The project began at the Hampton Court conference in January 1604, called by James to consider and resolve – to his satisfaction – the doctrines and governance of a divided Church of England. The suggestion for a new bible came from John Rainolds, the Master of Corpus Christi, Oxford and leader of the Puritan delegation to the conference. James had delighted in humiliating the Puritans in theological discourse but was quite shrewd enough to clasp the idea for all it was worth. The opposing delegates, the deans and bishops of the church, were aghast but nonetheless it was the Bishop of London, the odious Richard Bancroft, who became the project’s general manager. He was Archbishop of Canterbury by the end of the year and his zealous influence was invaluable in driving along the king’s hurry for completion. It was Bancroft who recruited the team of 54 translators required for the project and who issued, supposedly at the king’s direction, the 15 ‘Rules to be observed in translation’. This awesome set of instructions is testament to the power of a good brief and contributed greatly to the final result. One key direction was to exclude the controversial marginal notes which beset some previous translations, and which have been a feature of the more disputatious holy passages found in the Torah and the Qur’an.
The translators were drawn largely from the episcopacy and the universities (i.e. Oxford and Cambridge) and comprised the finest scholars, translators, editors and most ruthlessly ambitious clerics that England had to offer. Bancroft organised them into six groups, known as companies, each with its own leader and established them in pairs in Westminster, Cambridge and Oxford. Three companies were allocated portions of the Old Testament, two were given the New Testament and one was handed the Apocrypha, undoubtedly the poisoned chalice. What must have been the absolute pick of the bunch, the four Gospels, together with the Acts of the Apostles and Revelation, was given to the second Oxford company which met at Merton College, Oxford. Each of the translators was charged with working on the text at his own home or place of work, each working on the same texts. They then met collectively to consider what they had written, with the contributions being read out and the others only to comment if they wanted to contest a matter, otherwise it passed.
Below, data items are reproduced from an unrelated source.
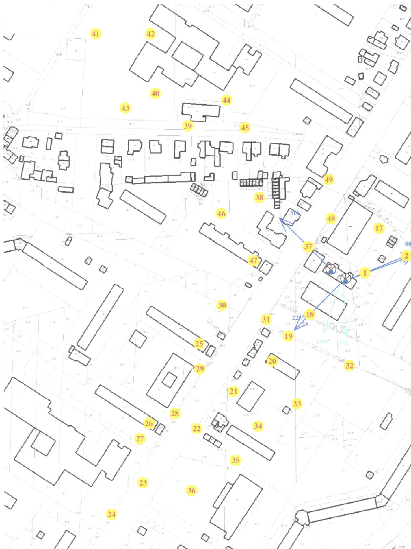
Rys. 3 Lokalizacja pionów pomiarowych
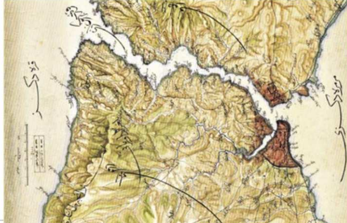
Ali Rıza Bey tarafından yapılan İstanbul Bogazi'nin topografik haritası, 19. yüzyıl sonu, Mektebi Harbiye.

Bogazların eski haritaları güvenilir değildir; ama zaman zaman hızla değişmekte
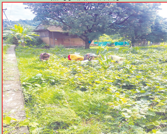
निजगढ न.पा., बारा- क्षेत्र विस्तार कार्यक्रम
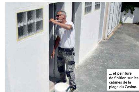
... et peinture de finition sur les cabines de la plage du Casino.
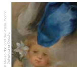
Xehetasuna, Detalle.

ahalegintzen ziren Andre Mariarekin lotutako edertasuna, gozotasuna eta debozioa islatzen zuten irudiak sortzen. Horien artean, Murillo nabarmendu zen. Izan ere, formula perfektua lortu zuen, hainbat ezaugarri uztartzen zituen: emakume perfektua, argi distiratsua, goranzko enfasia, konposizio sendoa, kolore sorta askotarikoa eta aldi berean harmoniatsua, eta estilo piktoriko sutsu eta fina, Mariaren loriaren interpretazio onena.
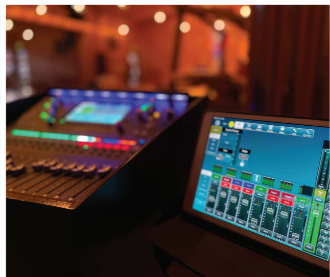
Bilde av kyrkjetårnet Langevåg kyrkje / Venstre bilde, lydanlegg i Langevåg kyrkje / Høgre bilde, lydanlegg i Indre Sula kyrkje
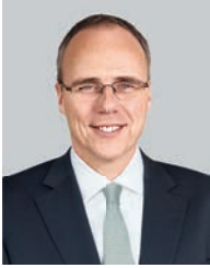
Peter Beuth Hessischer Minister des Innern und für Sport

Sehr geehrte Damen und Herren, sehr geehrtes Organisationsteam, liebe Besucher des Intersec Forums,
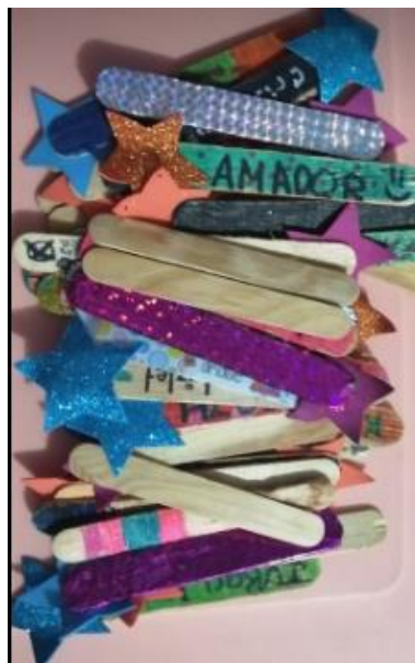
Estrellas para la asistencia y participación de los alumnos.
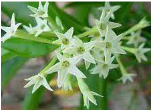
Night Blooming Jasmine (नाईट ब्लूमिंग जास्मीन)
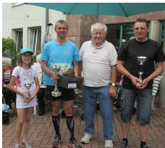
Les gagnants des 3 courses avec un des parrains

Tout au long de l'après-midi, des boissons fraîches et des gâteaux ont été servis aux résidents, aux familles et aux sportifs.
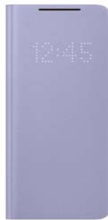
LED View Cover EF-NG991
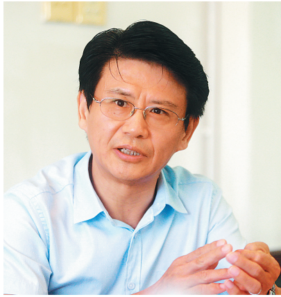
线不可触碰，必须带头遵守法律和依法办事，决不能违法行使权力，更不能以言代法、以权压法、徇私枉法。

三、推进全民守法的关键是党员特别是党员领导干部的率先垂范和以身作则。党员是人民群众中的先进分子，党员领导干部在社会运行秩序中居于组织者、指挥者、决策者地位，他们的遵纪守法行为，对其他社会民众的心理心态、价值判断及行为方式将产生几何级数的正面影响；同样，他们的违法乱纪行为所生产的负面影响，也将是呈几何级数增长的。因此，推进全民守法，首先应当是党员和领导干部守法。党员领导干部必须敬畏法律，必须牢记法律红线不可逾越，法律底
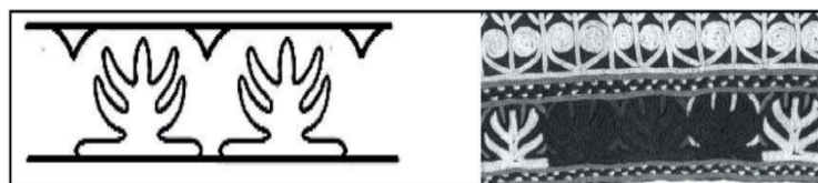
تصویر ۱۲. سوزن‌دوزی نقش باغ نقش بر لبه شلوار ترکمن [۱۴، ص ۷۶]

در شمنیزم، دین قبل از اسلام آوردن ترکمانان، جد شمن «اودون» از یک درخت زاده می‌شود [۴۰، ص ۷]. در آیین شمنی، غان را در نقش درخت حیات با هفت شاخه به صورت دیرک هفت‌شکافه می‌ساختند که مظهر هفت سیاره و مراحل صعود به آسمان بود [۲۷، ص ۱۲۷]. براساس باور رایج شمنیستی، زمین و بهشت با درختی که از مرکز زمین رشد کرده به هم مرتبطاند. این مسیر باید توسط روح شمن طی شود. در راه سفر به بهشت، روح شمن از سطوح گوناگونی عبور می‌کند که با شاخه‌های درخت نشانه داده می‌شود. در سوزن‌دوزی ترکمن، نقشی به نام محراب‌گل وجود دارد که ترکیبی از نقش درخت داخل محراب است. طبق اعتقادات شمنی درواقع درخت بهشت و زمین را به هم متصل می‌کند [۹، ص ۱۹-۲۳]. تصویر ۱۲ نقش درخت زندگی بر سوزن‌دوزی بر لبه شلوار زنان ترکمن است. این نقش یک تنه عمودی در میانه و دو ردیف خط منحنی متقارن دارد. استفاده از تیرک‌های چوبی به‌منزله نمادی از درخت حیات، که بهشت را به زمین متصل می‌کند، سنت رایجی در میان اقوام مختلف ترک در سراسر جهان است.
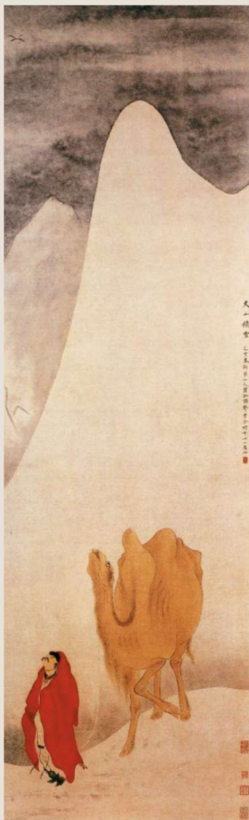
* (清) 华嵒

由于处在东西方文明交汇的区域，这里出现了很多别具特色的绿洲城市，产生了独特的文化，本册主要向读者展示河西走廊以及新疆的壮美景观和多彩文化。
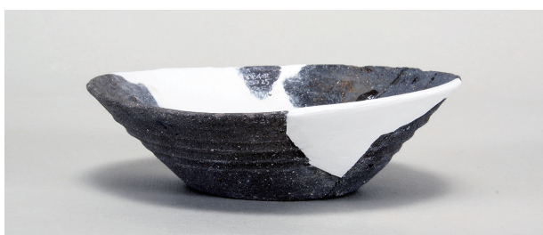
5 第78号住居跡 (第314图1)
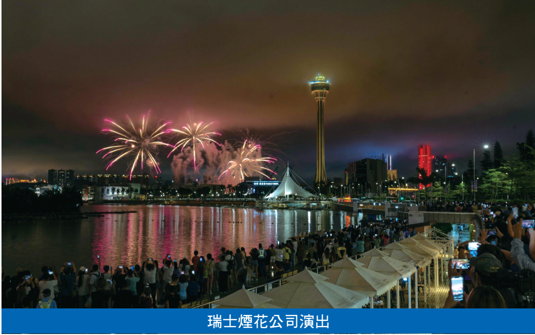
瑞士煙花公司演出

濱休憩區、澳門科學館海堤、南灣、雅文湖畔、沙格斯大馬路（澳門文華東方酒店側）及氹仔海洋大馬路。 “火樹銀花嘉年華”於每個煙花演出日下午5時至晚上11時在觀光塔街（旅遊塔旁空地）舉辦，而分別設於南灣、雅文湖畔和氹仔海濱休憩區的“花火大會”市集活動亦將於每個煙花演出日的晚上6時至11時舉行，居民和旅客可於以上三個地點一邊看煙花一邊品嚐美食、玩遊戲、看表演。 今屆澳門國際煙花比賽匯演將有攝影比賽和學生繪畫比賽，讓一眾攝影愛好者和學生分享創意之作，遞交作品日期截至2023年10月31日止。
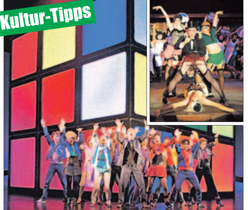
Reise in den Berliner Kit-Kat-Club der 20er-Jahre und in die Aufbruchstimmung der 80er.

Ich will Spaß! Das 80er Hit Musical mit den Hits der Neuen Deutschen Welle nimmt die Zuschauer im Colosseum-Theater in Essen mit auf eine Achterbahnfahrt der Gefühle. Eine Geschichte über Familie, Rebellion und wahre Liebe: aufregend und witzig, leise und nachdenklich, launisch und wild. Die Charaktere bewegt, was unsere Gesellschaft in den 80er-Jahren geprägt hat und heute noch beschäftigt: Friedensaktivismus, Generationskonflikte, veränderte Rollen von Mann und Frau. Die Suche nach der großen Liebe und dem eigenen Platz im Leben. Jeder will seine Träume verwirklichen, unabhängig sein – und Spaß haben. Tickets und Infos gibt es unter (0 18 05) 44 44 oder www.musicals.de
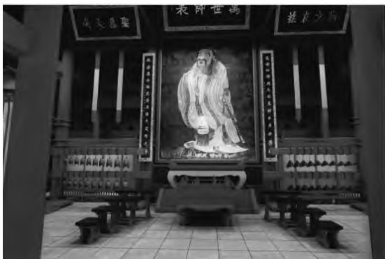
图6 大成殿中堂陈列（设计图）

在处理大成殿中堂内的孔子磨漆画像时，特地邀请了画作原作者前来，并在其指导下对磨漆画破损处进行了修补，对画面整体进行作新处理，与此同时，在设计孔子磨漆画像装饰边框时，摒弃了原有陈列设计中采用的“柔软”边条，代之以层次分明的刚性边条，它与两边的圆柱将产生刚柔对
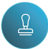
Estampado de anotaciones y numeración Bates
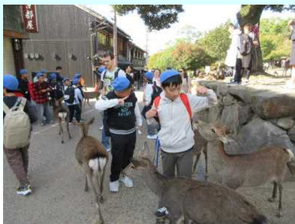
奈良公園 鹿と一緒に

奈良・京都への修学旅行。6年生は、1泊2日の活動を通して日本の歴史にふれ、友達と楽しい時間を過ごしました。
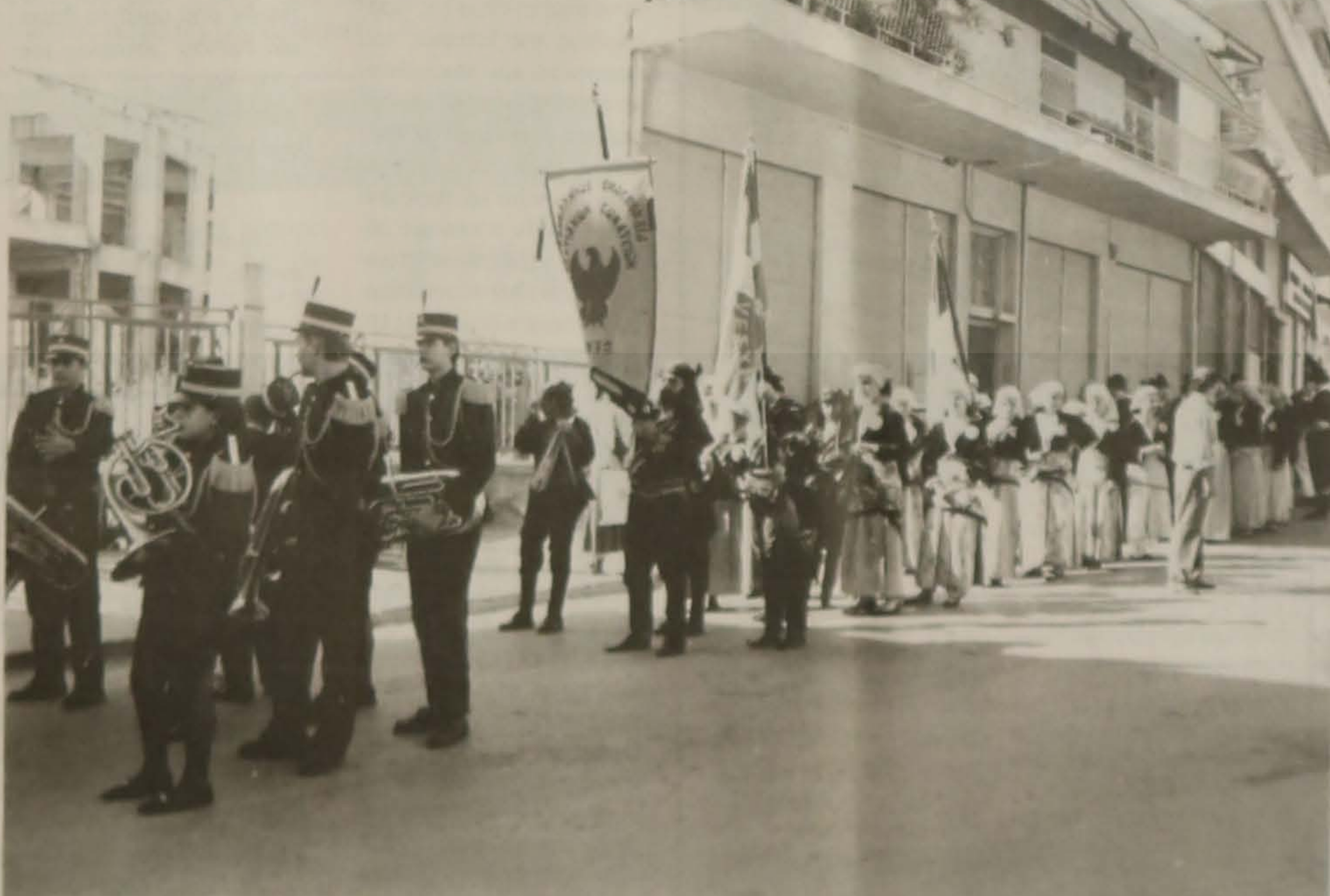
Στιγμιότυπο από την εμφάνιση της Δημοτικής Μπάντας και των παραδοσιακών τμημάτων με τις σημαίες και τα λάβαρα.

Σημειώνουμε ότι το Φεστιβάλ Ποντιακής παράδο-
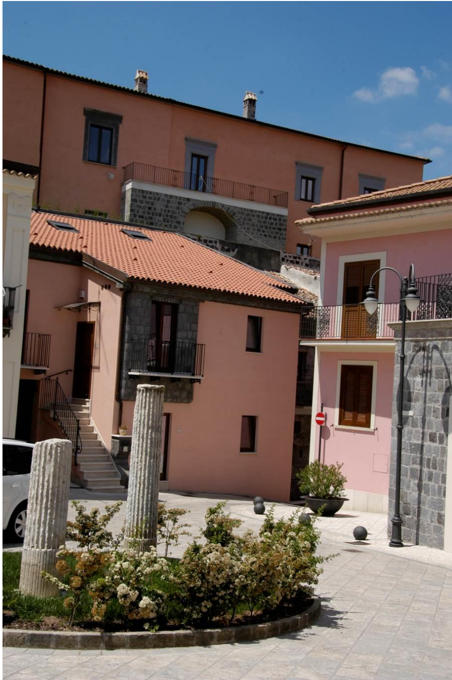
Il castello dopo i lavori di recupero del centro storico, 2018.
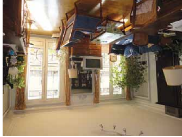
8 ème - Chaptal - 1 410 000 €

Bel immeuble en pierre de taille, 4 ème étage, ascenseur, appartement familial baigné de soleil, entrée, double séjour, grande cuisine dinatoire, office, 4 chambres (possibilité 5), salle de bains, salle d'eau, dressing.
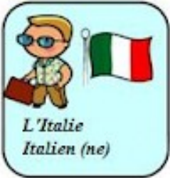
L'Italie Italien (ne)
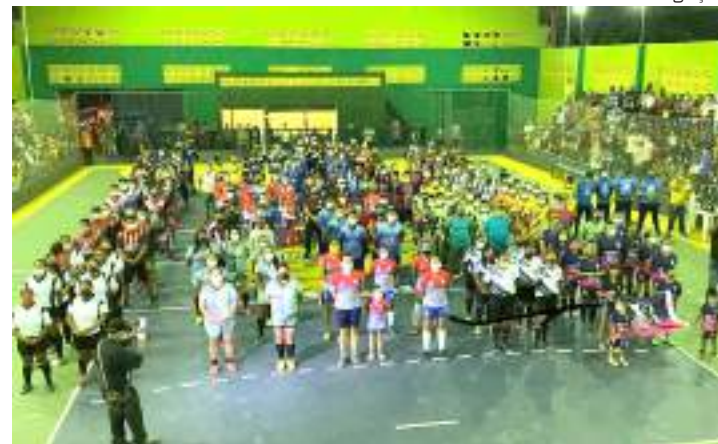
Faar anunciou nome dos municípios aptos para receber ajuda do governo

A Fundação publicará no dia 22 de março o resultado dos municípios que receberão, o incentivo do edital.
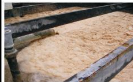
Problemas de grasas, aceites, DBO
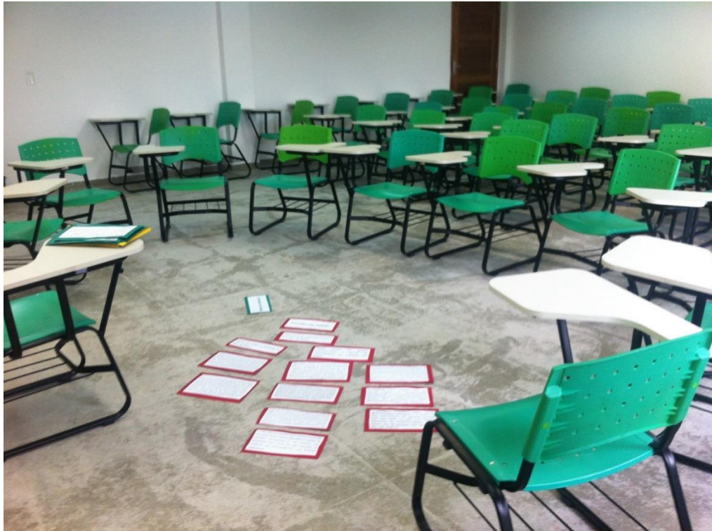
Figura 1. Organização da Roda de Conversa.
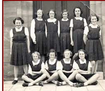
Toe die skoolmeisies nog springjurke gedra het?
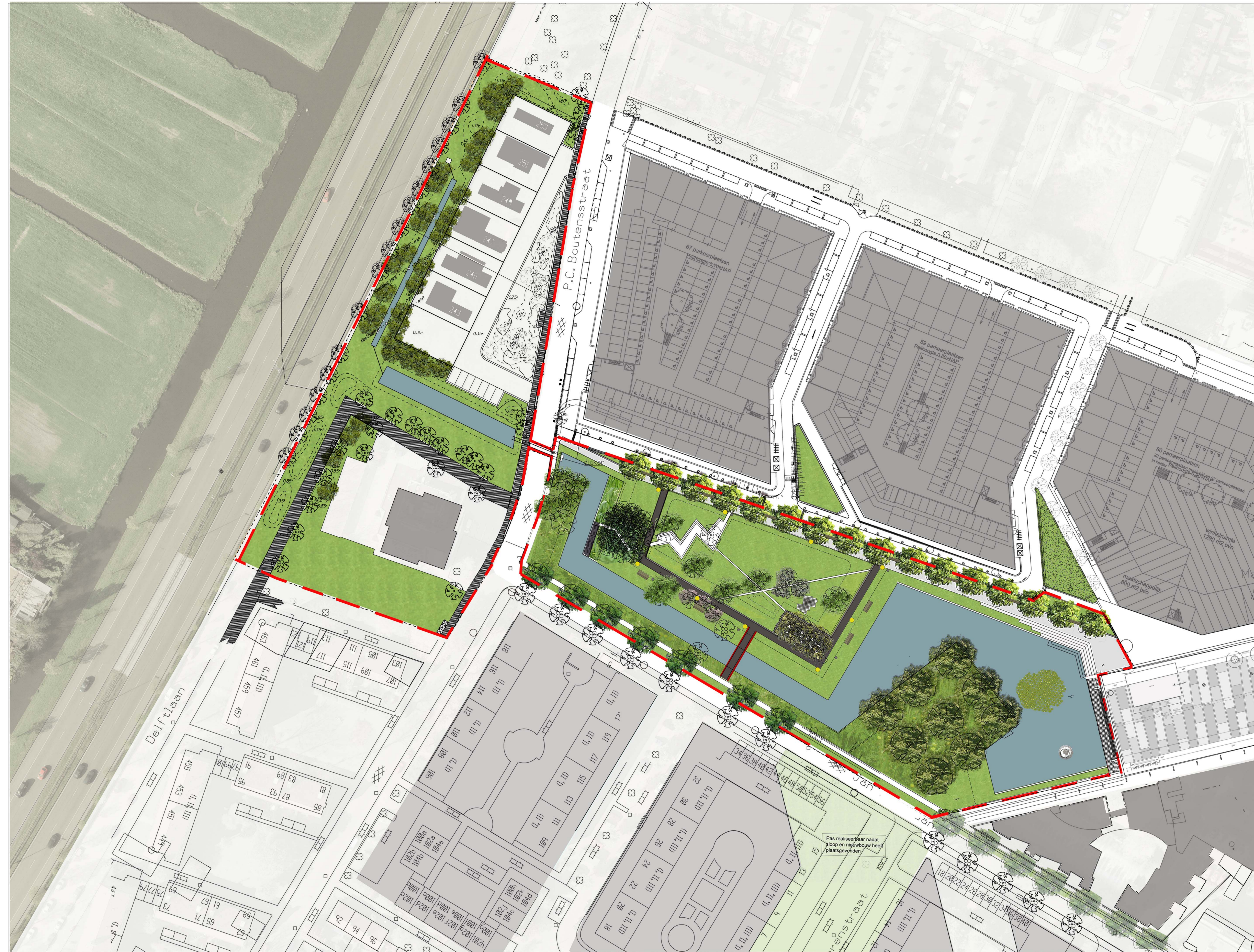
WIJKPARK DELFTWIJK VOORLOPIG ONTWERP
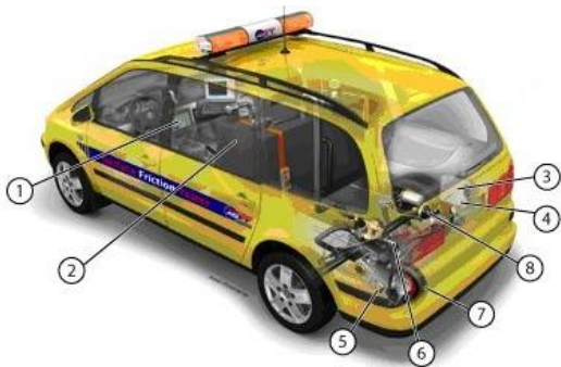
5. sz. kép A hordozó jármű [5]

Maga a rendszer egy VW SHARAN hordozó gépjárműből és a mérőrendszerből áll, mely a hordozó gépjármű módosított hátsó hídjára van telepítve.
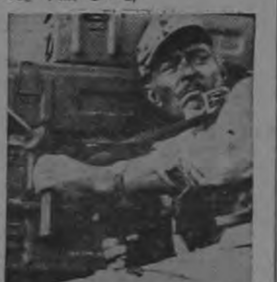
COMANDOS En colores.

El capítulo más sangriento de la guerra en el Desierto! Estos hombres no tenían ni el derecho de morir... pues del éxito de su misión dependía la suerte del mundo! Lee Van Cleef,
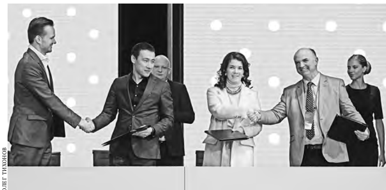
Соглашение о создании в Казани Евразийского отделения придаст новый импульс развитию общественных пространств Татарстана.
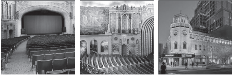
Rys. 4. Orpheum Theater
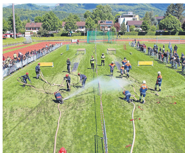
DER FINALLAUF: das TEAM BÖDELI (l.) aus Interlaken gegen das Team aus BUCHBERG-RÜDLINGEN 1.
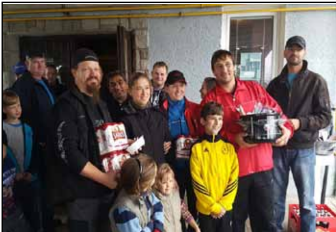
Sačurovský kotlíkový guláš
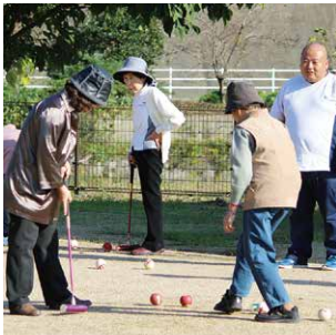
オレンジカフェ ゲートボール
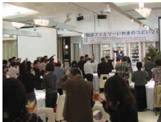
(地球ファミリーのつどいの様子)

今年は第8回目を迎え、認定農業者の方々は、見事に変身した農産物に舌鼓を打ちながら、消費者に野菜等の栽培や収穫できるまでの苦労などを説明し、文字

This reading out loud of the work in progress was a key contributor to the rolling majestic sonority of the Bible’s language. As each company finished work on a particular book of the Bible it was to be sent to the other companies for independent scrutiny, probably the earliest practice of peer review in academic history. (Rule 9 of Bancroft’s briefing read ‘As any one Company hath dispatched any one Book in this Manner they shall send it to the rest, to be considered of seriously and judiciously, for His Majesty is very careful in this Point.’) This process took about four years from 1604 to 1608. The completed books were to be considered again and as a whole at a long series of editorial meetings held in the Stationers’ Hall in London during 1609-10. This review committee, working to the same oral process, comprised two men from each company, including the director of each, though it’s not certain that a dozen people were actually engaged in this task and it may have been just one member from each company. Finally, the finished text was put in the hands of two scholars to prepare for press, the first printed copies emerging from Robert Barker, Printer to the Kings most Excellent Majestie, during 1611.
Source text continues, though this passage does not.